Have a question about this project? Sign up for a free GitHub account to open an issue and contact its maintainers and the community.

By clicking “Sign up for GitHub”, you agree to our terms of service and privacy statement. We’ll occasionally send you account related emails.

Already on GitHub? Sign in to your account

TypeMap (PG): Store Typemap in Schema Cache and use another cache class to keep it in memory #46409

Open
wants to merge 1 commit into
base: main
Choose a base branch
from

Conversation

mochnatiy
Copy link

Motivation / Background

This pull request is a rework of the other one after some feedbacks : #44478

In our project, we are using PG and Resque.
Right now, for every Resque job processed and new connection spawned, we are executing this method in Rails that run a costly query :

def load_additional_types(oids = nil)
  initializer = OID::TypeMapInitializer.new(type_map)

  query = <<~SQL
    SELECT t.oid, t.typname, t.typelem, t.typdelim, t.typinput, r.rngsubtype, t.typtype, t.typbasetype
    FROM pg_type as t
    LEFT JOIN pg_range as r ON oid = rngtypid
  SQL
     
  if oids
    query += "WHERE t.oid IN (%s)" % oids.join(", ")
  else
    query += initializer.query_conditions_for_initial_load
  end
      
  execute_and_clear(query, "SCHEMA", []) do |records|
    initializer.run(records)
  end
end

To fix this issue we have done a monkey patch, basically, the ConnectionPool stores a cache of the type_map, and a new connection will inherit from this cache, instead of querying it.

module ActiveRecord
  module ConnectionAdapters
    class PoolManager
      attr_accessor :type_map
    end
  end

  class ConnectionAdapters::ConnectionPool
    def adopt_connection(conn)
      ....
      pool_manager = ConnectionAdapters::ConnectionPool.get_pool_manager

      pool_manager.type_map ||= conn.type_map
      ....
    end
  end

  class ConnectionAdapters::PostgreSQLAdapter
    attr_reader :type_map

    def initialize(connection, logger, connection_parameters, config)
      ....

      pool_manager = ConnectionAdapters::ConnectionPool.get_pool_manager
      type_map = pool_manager.type_map

      if type_map
        @type_map = type_map
      else
        @type_map = Type::HashLookupTypeMap.new
        initialize_type_map
      end
 
      ....
    end
  end
end

It also makes every Rails upgrade as complicated on our side.

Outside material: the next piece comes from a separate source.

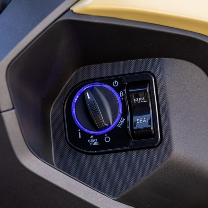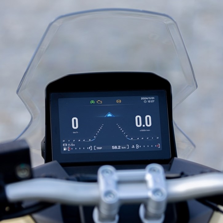 Στον βασικό εξοπλισμό διαθέτει, TFT 7’’, Fat bar τιμόνι, ρυθμιζόμενη ζελατίνα, keyless χειρισμός (εκκίνηση, άνοιγμα σέλας και ρεζερβουάρ), χώρος αποθήκευσης κάτω από τη σέλα που χωρά full-face κράνος, καθώς και παροχή USB.

In order not to have monkey patches we want to solve it on a Rails side which could be useful for other developers too.

First of all, we have dug in relevant PRs done in Rails and took some ideas.
The solutions to deal with issues maybe:

- Store TypeMap into SchemaCache (relevant for PG only)
- Switch off TypeMap if there is no usage of PG custom types
- Introduce the monkey patch as the solution for Rails

We have selected the first one and would like to have feedback from Rails maintainers and complete this topic.
If there is something we have missed we are also ready to fix it shortly.

Base PRs for this PR:

#35311
https://github.com/rails/rails/pull/39821/files
https://github.com/rails/rails/pull/39077/files
https://github.com/rails/rails/pull/41288/files

I would like to tag also @piecehealth and @ted-hanson

Detail

Currently in this PR we have TypeMap as a singleton (after trying to implement it as an instance variable we had issues with concurrency and now we have it as a single example in memory).

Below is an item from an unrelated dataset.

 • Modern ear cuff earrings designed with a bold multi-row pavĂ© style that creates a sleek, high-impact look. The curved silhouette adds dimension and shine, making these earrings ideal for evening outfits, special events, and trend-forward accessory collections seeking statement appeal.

The general approach is to keep the TypeMap in the schema cache, and load from the schema_cache.yml when create a new connection. If TypeMap is not present in schema cache, it will be retrieved from the database.

The idea is still the same. During deploy, we run migrations and create a dump of schema cache. When initializing a Rails app, we load schema cache into a memory and initialize our TypeMapCache instance. Then we don't fire any query and retrieve Typemap from this cache when establish a new connection.

Additional information

Unfortunately, it does not work with lazily_load_schema_cache option enabled since we load schema cache lazily after creating a connection.

Checklist

  • This Pull Request is related to one change. Changes that are unrelated should be opened in separate PRs.
  • Commit message has a detailed description of what changed and why. If this PR fixes a related issue include it in the commit message. Ex: [Fix #issue-number]
  • Tests are added or updated if you fix a bug or add a feature.
  • CHANGELOG files are updated for the changed libraries if there is a behavior change or additional feature. Minor bug fixes and documentation changes should not be included.
  • CI is passing.

@mochnatiy mochnatiy force-pushed the pg-typemap-as-singleton-prod branch 4 times, most recently from d7b9f1e to e38cfa7 Compare November 3, 2022 10:07
Copy link
Member

@eileencodes eileencodes left a comment

Choose a reason for hiding this comment

The reason will be displayed to describe this comment to others. Learn more.

Thanks for opening this again and for working on it.

I left some comments about how the code should be implemented. It looks like a lot of this code came from #41288 so they should get credit as well as co-author if we do merge this.

In general the main issue with this implementation is the conditional checks on whether we have a postgres adapter. The adapter design is implemented such that conditional checks aren't needed.

While I understand the naming came from other implementations I think we can come up with better method names that are clearer. 🙂

@@ -24,6 +24,8 @@ def lazily_set_schema_cache
return unless ActiveRecord.lazily_load_schema_cache

cache = SchemaCache.load_from(db_config.lazy_schema_cache_path)
PostgreSQL::TypeMapCache.init(cache) if connection.adapter_name == "PostgreSQL"
Copy link
Member

Choose a reason for hiding this comment

The reason will be displayed to describe this comment to others. Learn more.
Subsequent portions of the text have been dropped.